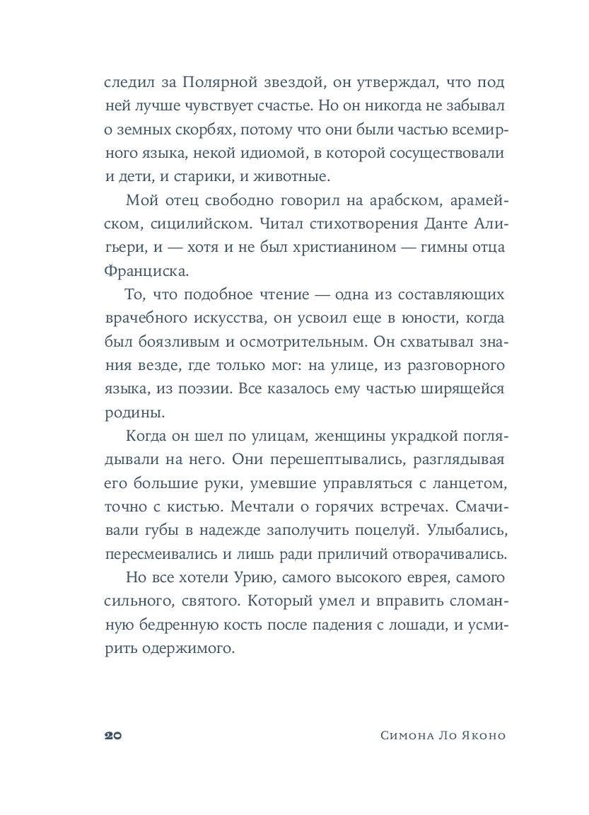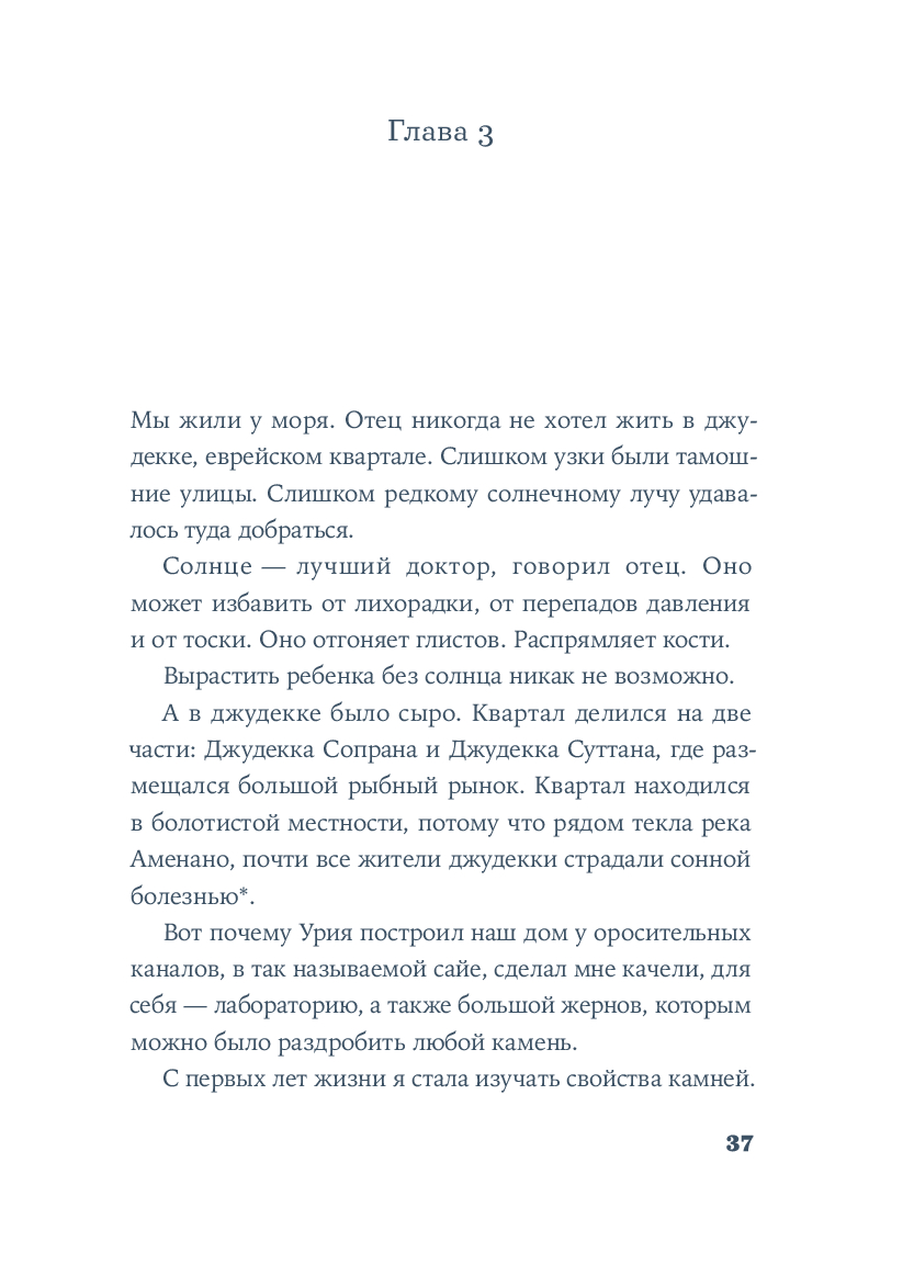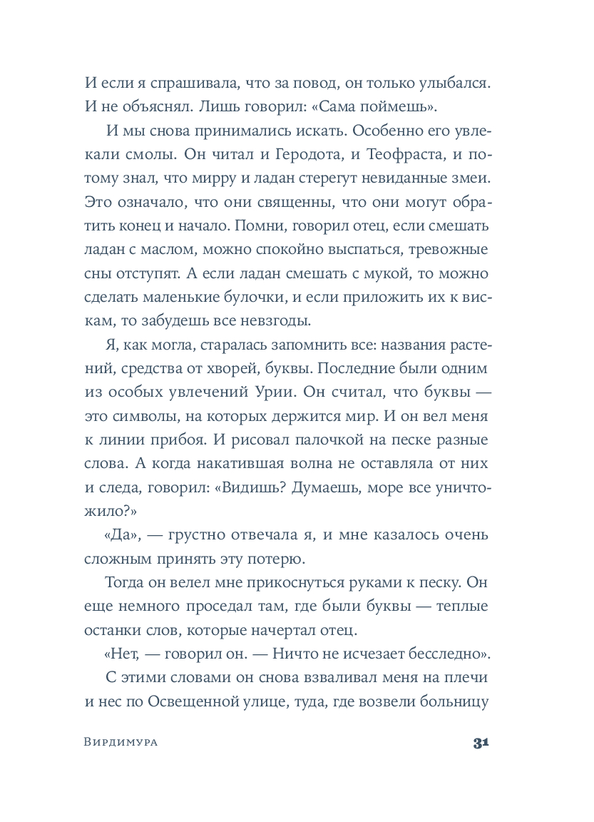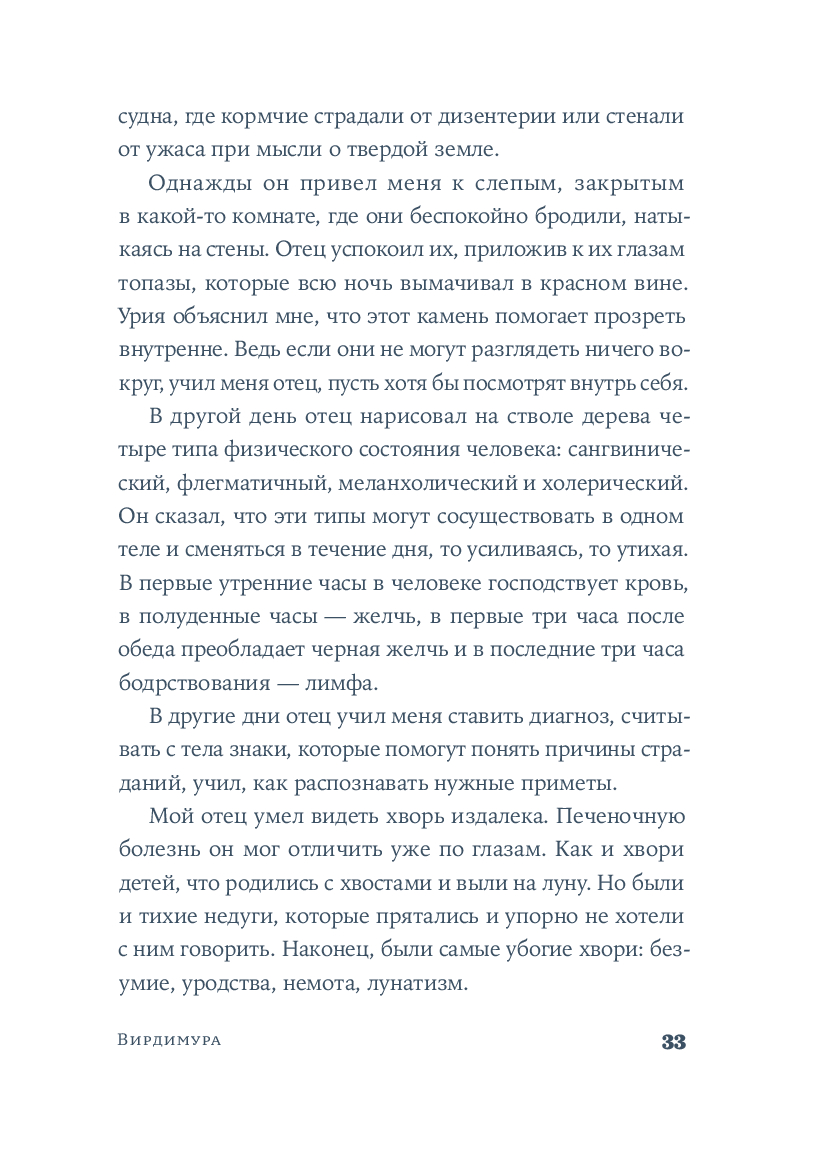 Вирдимура, родившаяся в день дождей и предзнаменований, носит имя мха, упорно появляющегося на городских стенах Катании. Ее воспитывал отец, мастер Урия – врач, владеющий тайнами целебных трав, редкими научными знаниями и многими языками. Он учил Вирдимуру исцелять тела и души, не делая различий между мусульманами, христианами или иудеями. Именно отец передал ей важный секрет: "Медицина не требует мастерства. Лишь навыка". Эти слова Вирдимура на склоне лет повторяет перед комиссией, которая решает, выдать ли женщине, впервые в истории, лицензию на врачевание.
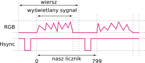 Znamy już kształt przebiegów. Brakuje nam jeszcze ostatniego fragmentu układanki: czasu trwania. Będziemy wyświetlać 60 ramek na sekundę. Oznacza to, że częstotliwość zegara będzie wynosiła 60·800·525, czyli 25,2 MHz.
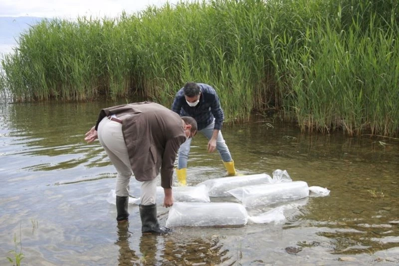 Tarım ve Hayvancılık Bakanlığınca yetiştirilen yavru sazanlar İznik Gölü’ne bırakıldı.
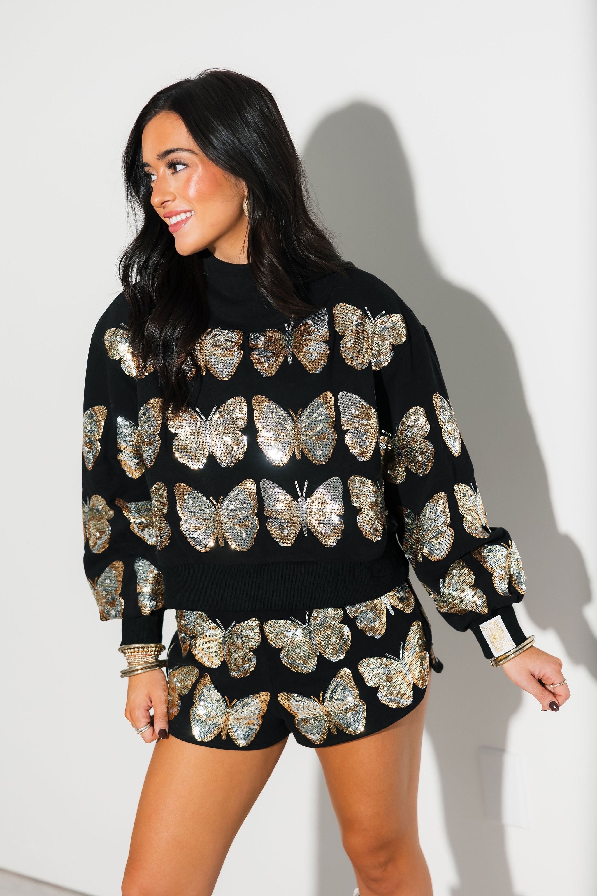 Black & Gold Sequin Butterfly Mockneck Sweatshirt | Queen Of Sparkles

What is expected. Everything in the listing except the pictures must be reproduced exactly.

Expected answer.
 Вирдимура, родившаяся в день дождей и предзнаменований, носит имя мха, упорно появляющегося на городских стенах Катании. Ее воспитывал отец, мастер Урия – врач, владеющий тайнами целебных трав, редкими научными знаниями и многими языками. Он учил Вирдимуру исцелять тела и души, не делая различий между мусульманами, христианами или иудеями. Именно отец передал ей важный секрет: "Медицина не требует мастерства. Лишь навыка". Эти слова Вирдимура на склоне лет повторяет перед комиссией, которая решает, выдать ли женщине, впервые в истории, лицензию на врачевание.
 Znamy już kształt przebiegów. Brakuje nam jeszcze ostatniego fragmentu układanki: czasu trwania. Będziemy wyświetlać 60 ramek na sekundę. Oznacza to, że częstotliwość zegara będzie wynosiła 60·800·525, czyli 25,2 MHz.
 Tarım ve Hayvancılık Bakanlığınca yetiştirilen yavru sazanlar İznik Gölü’ne bırakıldı.
 Black & Gold Sequin Butterfly Mockneck Sweatshirt | Queen Of Sparkles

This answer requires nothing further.